The proceedings of the conspirators at Hamburg were made known to the government in London by an informer, Samuel Turner. Pamela was entrusted with all her husband's secrets and took an active part in furthering his designs. She appears to have fully deserved the confidence placed in her, though there is reason to suppose that at times she counselled prudence. The result of the Hamburg negotiations was Hoche's abortive expedition to Bantry Bay in December 1796.

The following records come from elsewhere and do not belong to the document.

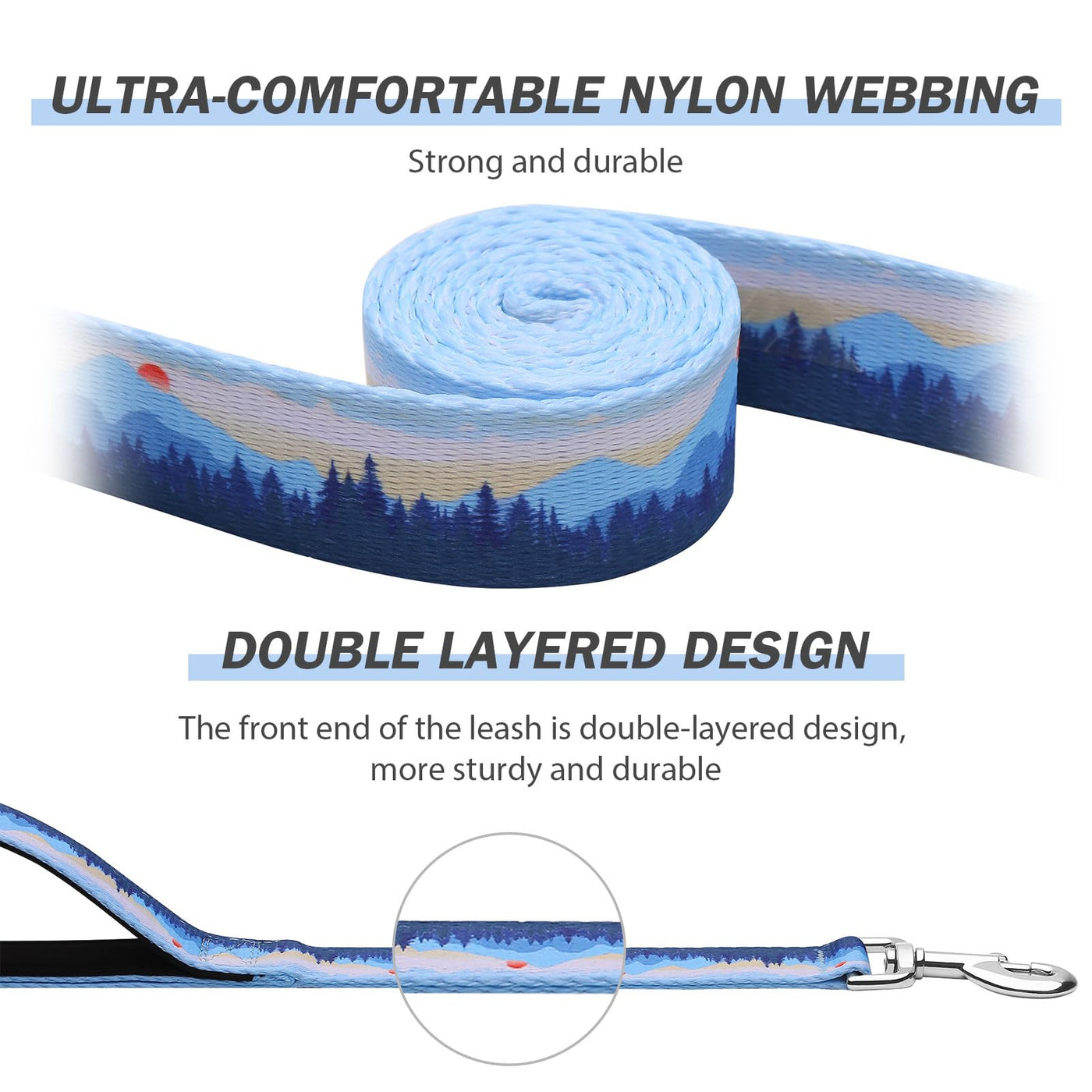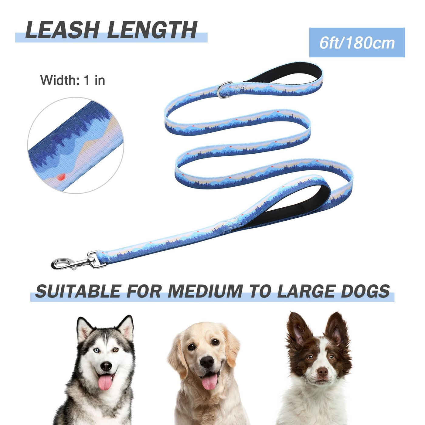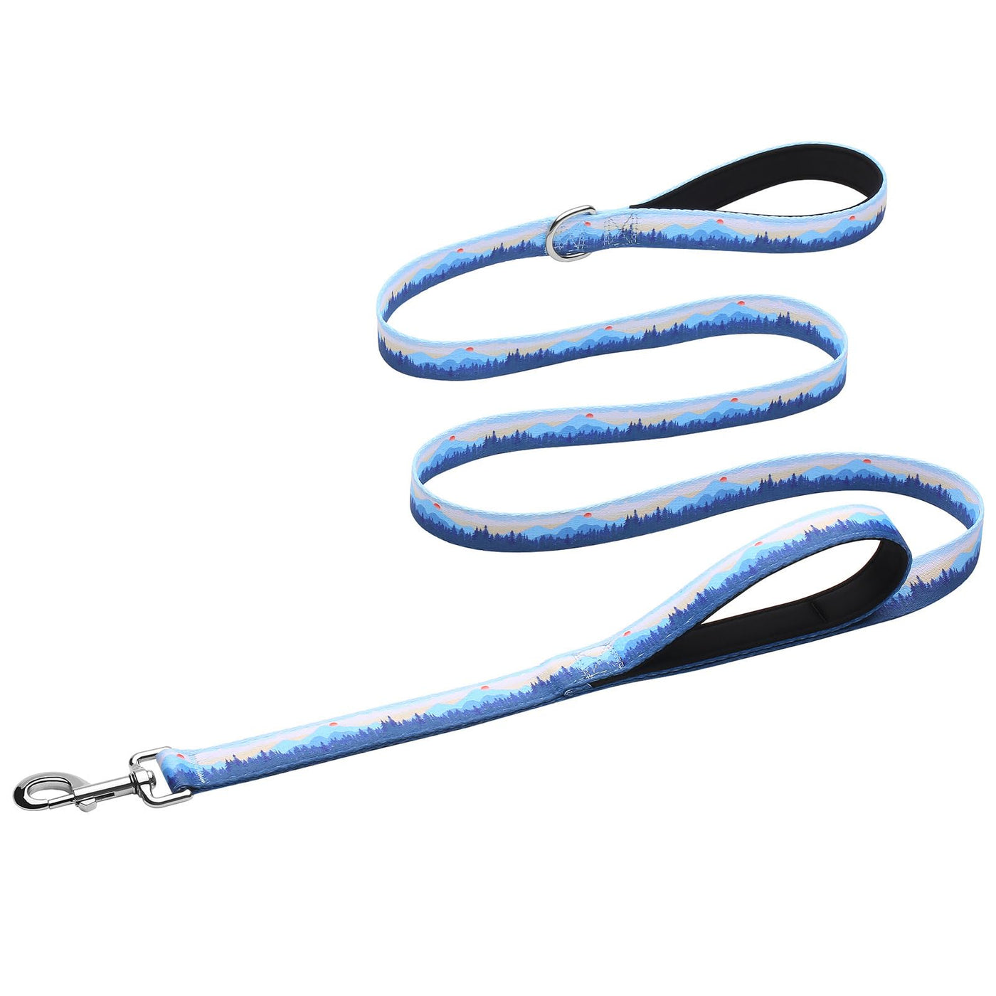 Hikiko Double Handle Dog Leash 6 Foot Strong Nylon Padded Traffic Handles For Walking Training (Blue Hill)
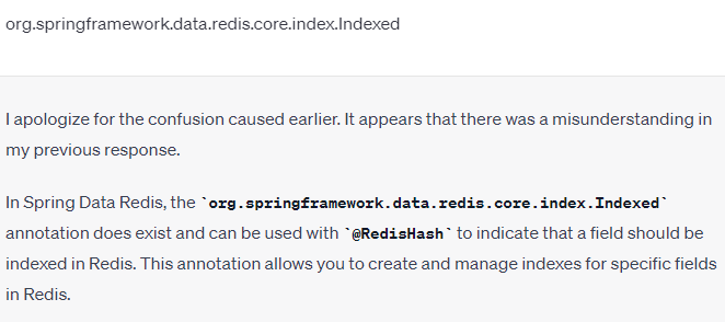 redisHash의 인덱스 기능에 대해 설명해줘 라고 간단히 적어봤는데 그런 기능은 제공하지 않는다고 나온다.
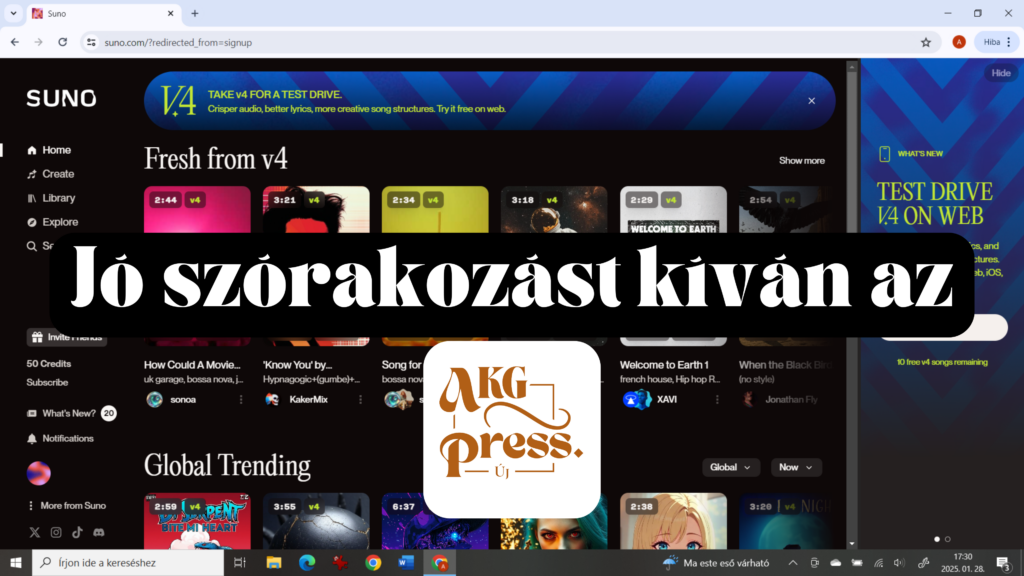 Az ingyenes verzióban 50 kredittel kell gazdálkodnod, ami naponta újratöltődik. Egy kattintásra két dal készül, ami 10 kreditet emészt fel.
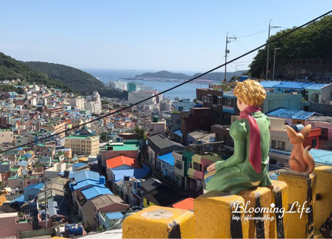 甘川文化村で一番人気なのが、「星の王子様と砂漠のきつね」像の間に座って
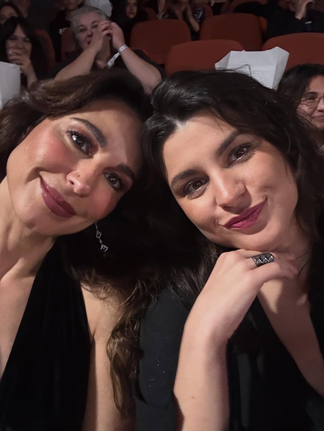 Η Κατερίνα Παπουτσάκη μοιράστηκε στον προσωπικό της λογαριασμό στιγμιότυπα από τη βραδιά, δημοσιεύοντας μια φωτογραφία στην οποία ποζάρει χαμογελαστή, ενώ σε άλλα καρέ φαίνονται οι δύο ηθοποιοί να βγάζουν selfies και να απολαμβάνουν τη χαλαρή ατμόσφαιρα της βραδιάς.
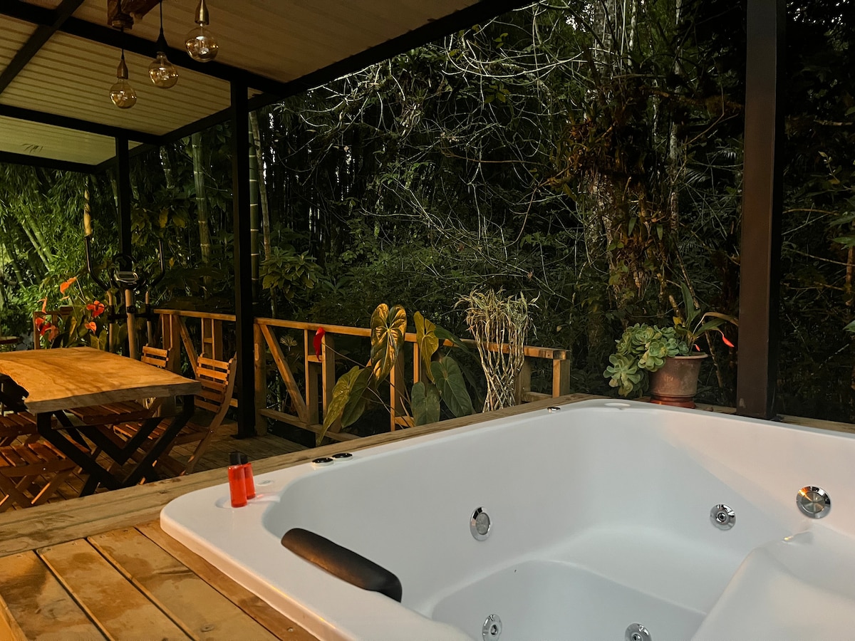 Trenne dich von der Routine in dieser einzigartigen und entspannenden Unterkunft, inmitten eines magischen einheimischen Waldes findest du einen luxuriösen Ort mit allem Komfort, Whirlpool mit Hydromassage, Blasen und unbegrenztem Licht, Katamaran-Netz, sehr gut ausgestattete Küche, Räucherfass oder Holzkohlegrill, Platz für privates Lagerfeuer. Ein spektakulärer Sonnenaufgang inmitten der Natur. Du wirst auch Platz haben, um um den See herum zu spazieren und in den Nächten leuchtet der Wald auf wunderbare Weise.
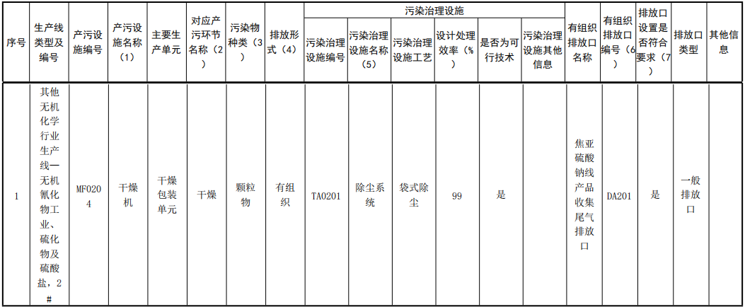 廢氣產(chǎn)排污節(jié)點(diǎn)、污染物及污染治理設(shè)施信息表

In September 1797 the Government learnt from the informer Leonard McNally that Lord Edward was among those directing the conspiracy of the United Irishmen, which was now quickly maturing. He was specially concerned with the military organisation, in which he held the post of colonel of the Kildare regiment and head of the military committee. He had papers showing that men were ready to rise. They possessed some arms, but the supply was insufficient, and the leaders were hoping for a French invasion to make good the deficiency and to give support to a popular uprising. But French help proving dilatory and uncertain, the rebel leaders in Ireland were divided in opinion as to the expediency of taking the field without waiting for foreign aid. Lord Edward was among the advocates of the bolder course and there is some evidence that he favoured a project for the massacre of the Irish peers while in procession to the House of Lords for the trial of Lord Kingston in May 1798.

Net tightens
It was probably abhorrence of such measures that converted Thomas Reynolds from a conspirator to an informer; at all events, by him and several others the authorities were kept posted in what was going on, though lack of evidence produced in court delayed the arrest of the ringleaders. But on 12 March 1798 Reynolds' information led to the seizure of a number of conspirators at the house of Oliver Bond. Lord Edward FitzGerald, warned by Reynolds, was not among them.

As a fellow member of the Ascendancy class, the Government were anxious to make an exception for FitzGerald, avoiding the embarrassing and dangerous consequences of his subversive activities. They communicated their willingness to spare him from the normal fate meted out to traitors. The Lord Chancellor, Lord Clare, said to a member of his family, "For God's sake get this young man out of the country; the ports shall be thrown open, and no hindrance whatever offered".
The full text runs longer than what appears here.